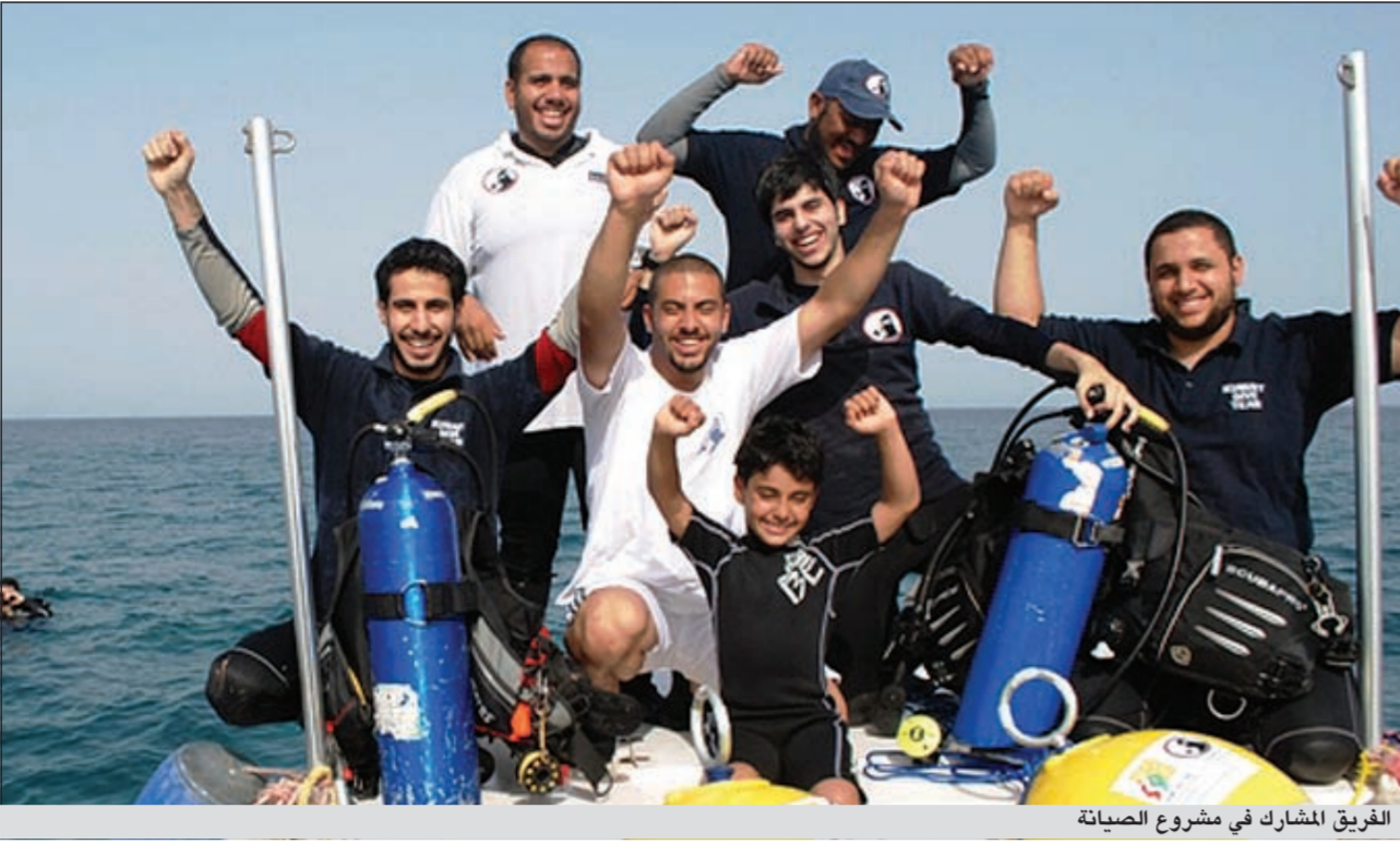
الفريق المشارك في مشروع الصيانة
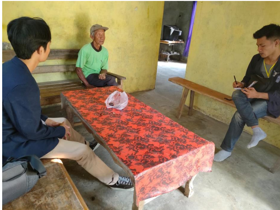
Gambar 2.1 Kunjungan dan silaturahmi
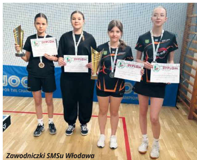
Zawodniczki SMSu Włodawa

Udział w Mistrzostwach Województwa Lubelskiego w Niedźwiadzie do udanych za-
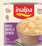
Choclo amarillo cremoso Lata x 300 g Lata x 830 g
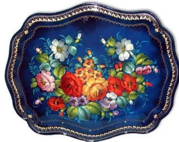
букет в раскидку
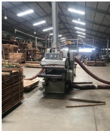
Gambar 2. Tumpukan kayu atau pallet diatas lutut sebelum perbaikan
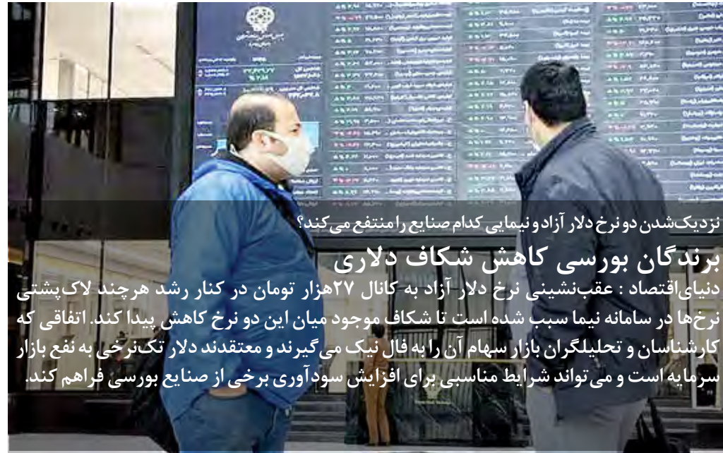
نزدیک شدن دو نرخ دلار آزاد و نیمایی کدام صنایع را منتفع می‌کند؟
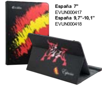
España 7" EVUN000417 España 9,7"-10,1" EVUN000418

- Aim of the exercise: Copy exactly what appears from the line holding "Udział w Mistrzostwach" to the end of the material, keeping both end lines. Pictures are not part of the copy.

- Answer section:
Udział w Mistrzostwach Województwa Lubelskiego w Niedźwiadzie do udanych za-
Choclo amarillo cremoso Lata x 300 g Lata x 830 g
букет в раскидку
Gambar 2. Tumpukan kayu atau pallet diatas lutut sebelum perbaikan
نزدیک شدن دو نرخ دلار آزاد و نیمایی کدام صنایع را منتفع می‌کند؟
España 7" EVUN000417 España 9,7"-10,1" EVUN000418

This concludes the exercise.